Update 2024-03-04
I put this page together in late 2021 when text-to-image generation was in its infancy and I was blown away by what was happening. Now it feels really outdated, almost quaint, and I leave it here as a kind of signpost of how quickly this field has advanced, and a reminder of why I became motivated to dive into AI / ML.
A Quick Intro
Like many (many!) others, I’ve been playing around recently with systems that can create ‘AI art’, mostly with one called “CLIP Guided Diffusion”. I didn’t come up with this idea or write this code myself; credit for that goes largely to Katherine Crowson and the Colab notebooks she has been releasing to the world. I’m running code derived from those (but doing so locally).
What is CLIP Guided Diffusion, you ask? In a sentence, it is a system that takes a piece of text and creates images that it thinks are a good representation of that text.

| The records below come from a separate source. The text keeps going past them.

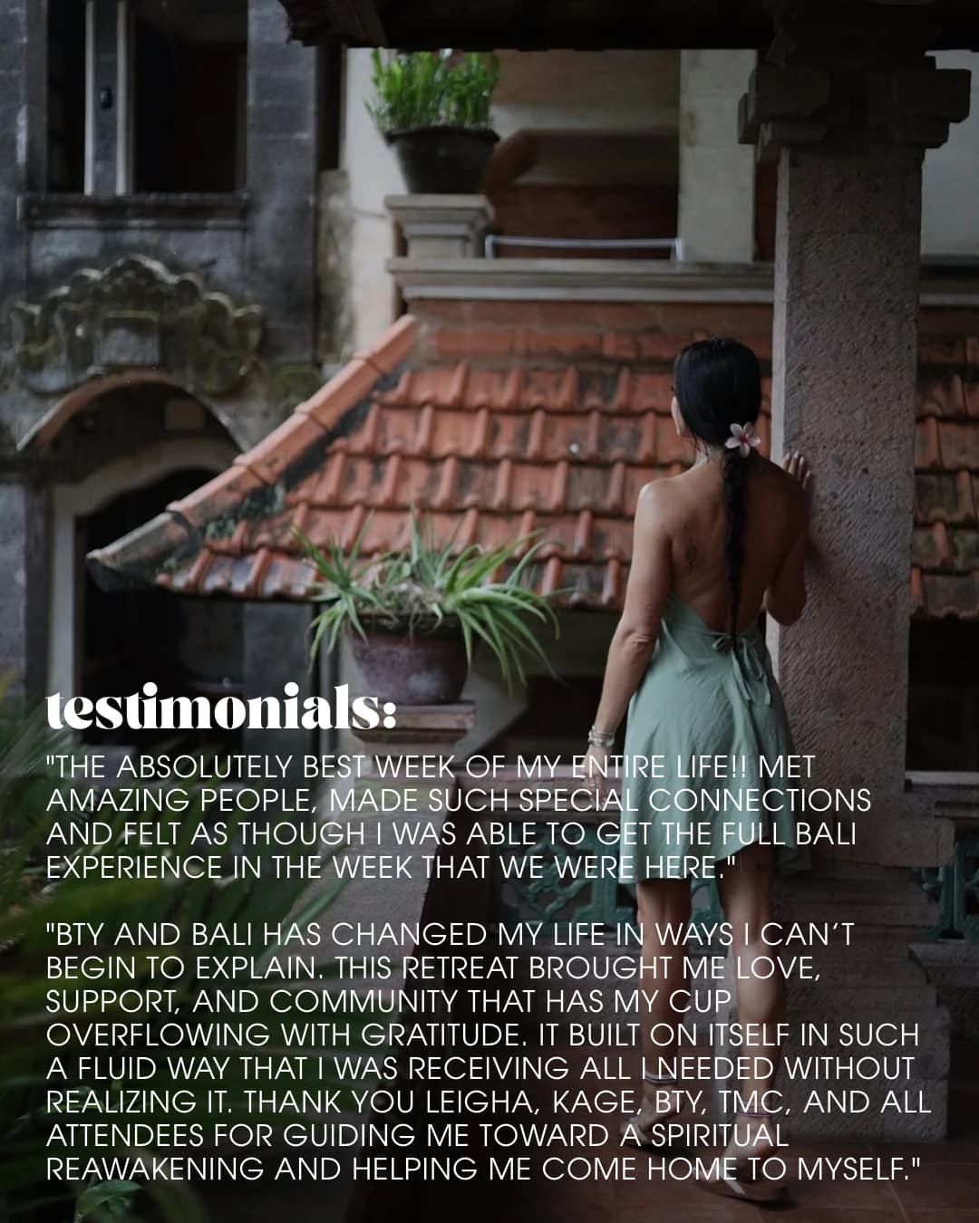 "BTY and Bali has changed my life in ways I can’t begin to explain. This retreat brought me love, support, and community that has my cup overflowing with gratitude. It built on itself in such a fluid way that I was receiving all I needed without realizing it. Thank you Leigha, Kage, BTY, TMC, and all attendees for guiding me toward a spiritual reawakening and helping me come home to myself."
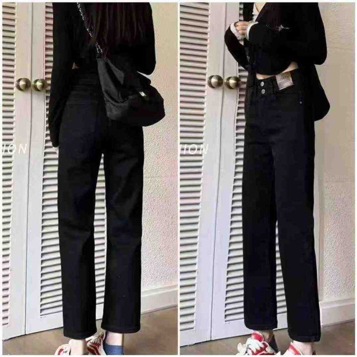 秋冬女装直筒烟管时尚加绒保暖高腰双排扣牛仔长裤,高品质!修饰腿型显瘦百搭!加绒保暖舒适,好货,靓货,分货100件起分货14
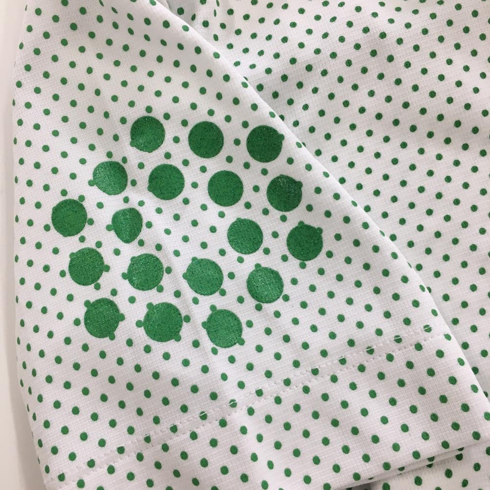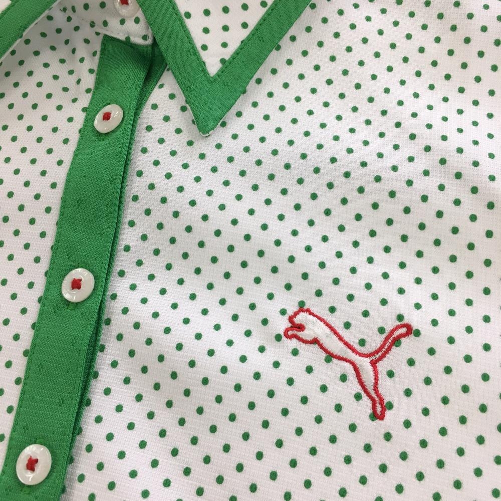 【超美品】プーマ 半袖ポロシャツ 白×グリーン ドット柄 ロゴ刺しゅう レディース M ゴルフウェア PUMA
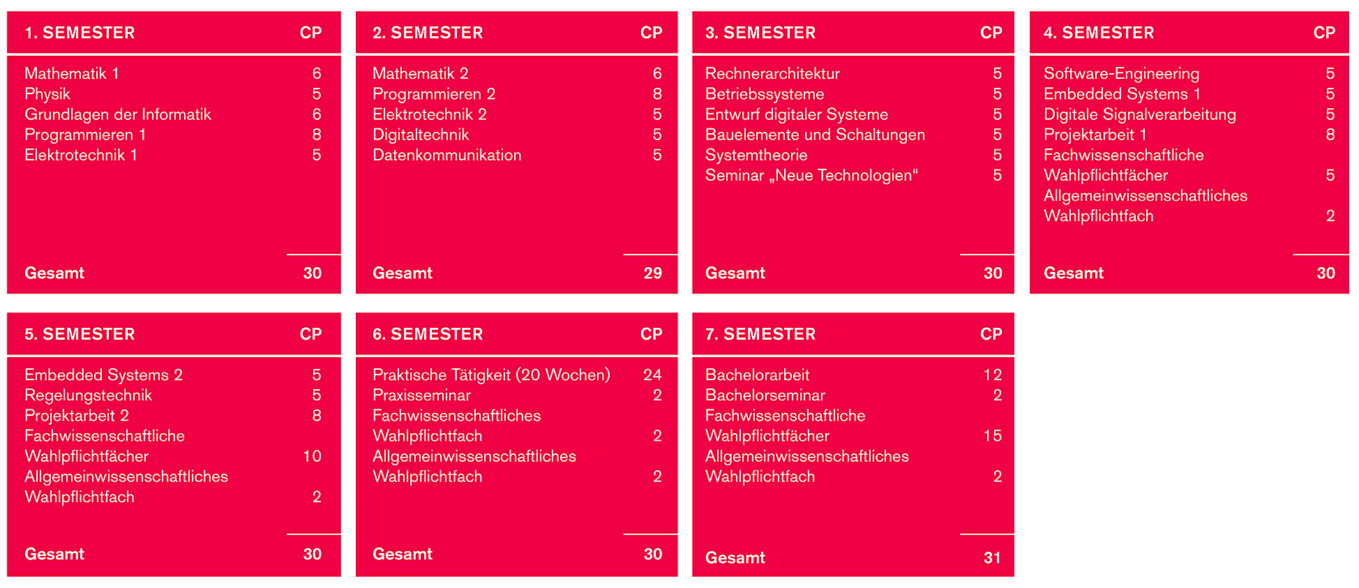 The course comprises a total of seven semesters, consisting of a two-semester foundation course followed by the main course, lasting five semesters. During the first two semesters, students will be given a good grounding in mathematics, physics, electrical engineering and computer science. The main course consists of four academic semesters and one practical semester. During this practical semester, students work on a project that makes practical use of the knowledge they have gained, as well as learning how to work independently on an engineering project in industry. The industry internship is supplemented by accompanying courses at the university.
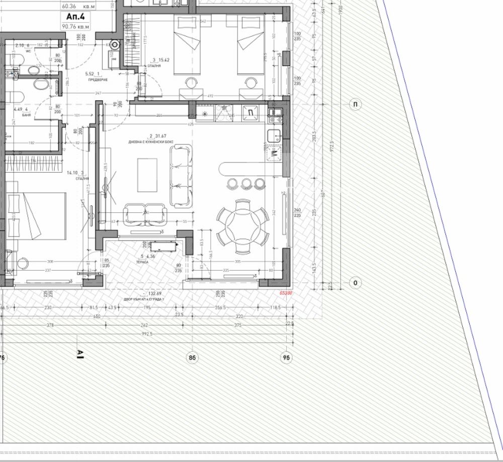 Просторен тристаен апартамент с двор. Луксозен комплекс от три сгради, две подземни нива, красиво озеленен - модерна среда за активни хора.
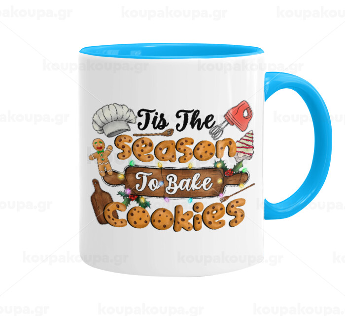 Tis The Season To Bake Cookies, Mug colored light blue, ceramic, 330ml

How does this work? Here’s a brief explainer: There are two models at the heart of the system. The first one, CLIP, is a model released by OpenAI. The special thing about CLIP is that it was trained on a lot of image / caption pairs in such a way that it encodes both images and text into a common vector space, attempting to keep the representations of the pairs close by in that space. So for example if I create embeddings of the words ‘dog’, ‘canine’, and a picture of a dog, these will all be fairly close in this vector space, while the text ‘house’ and a picture of a house would be off in another area of the vector space.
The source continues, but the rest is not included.